Ynares Center Montalban
- Inside at the arena during the inauguration ceremony last March 2025
- Interactive map of Ynares Center Montalban
- Location: Rodriguez (Montalban), Rizal, Philippines
- Coordinates: 14°43′25″N 121°08′38″E﻿ / ﻿14.72365°N 121.14400°E
- Capacity: 6,000

Construction
- Opened: March 4, 2025

Tenants
- Philippine Basketball Association Premier Volleyball League Rizal Golden Coolers (MPBL) (2025–present)

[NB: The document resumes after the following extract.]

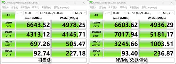 PCIe Gen3 기반의 SSD가 들어간 노트북들도 기존 SATA SSD/HDD에 비하면 스토리지 성능이 충분히 빠르지만, PCIe Gen4를 지원하는 1TB SSD가 탑재된 MSI 프레스티지 13 Evo A13M WIN11은 순차 읽기와 쓰기 속도 모두 PCIe Gen3 대역폭 한계를 뛰어넘는 모습을 보여준다.

= Ynares Center (Rodriguez, Rizal) =

Indoor arena in Rodriguez, Rizal, Philippines

The Ynares Center II, also called Ynares Center Montalban, is an indoor arena located in Rodriguez (Montalban), Rizal, Philippines. The arena opened in 2025 and is the second arena to bear the Ynares Center name, after the arena in Antipolo. The arena hosts Philippine Basketball Association games and is also home to the Rizal Golden Coolers of the Maharlika Pilipinas Basketball League (MPBL).

==History==
The Ynares Center II in Rodriguez (Montalban), Rizal was inaugurated on March 4, 2025.

== Tenants ==
The Maharlika Pilipinas Basketball League hosted its first gameday in Montalban with a tripleheader on April 1, 2025. In the final game, the hometown Rizal Golden Coolers defeated the Mindoro Tamaraws, 77–61.

The Philippine Basketball Association played its first games at the arena during the 2025 PBA Philippine Cup on May 2, 2025 with a doubleheader. The NLEX Road Warriors won the league's first game in Montalban with a win over the Blackwater Bossing. This is then followed by the Phoenix Fuel Masters beating the TNT Tropang 5G in the second game.

The Premier Volleyball League played its first games at the arena during its preseason PVL on Tour in 2025 with a series of four games featuring the Akari Chargers, Capital1 Solar Spikers, Chery Tiggo Crossovers, and Zus Coffee Thunderbelles.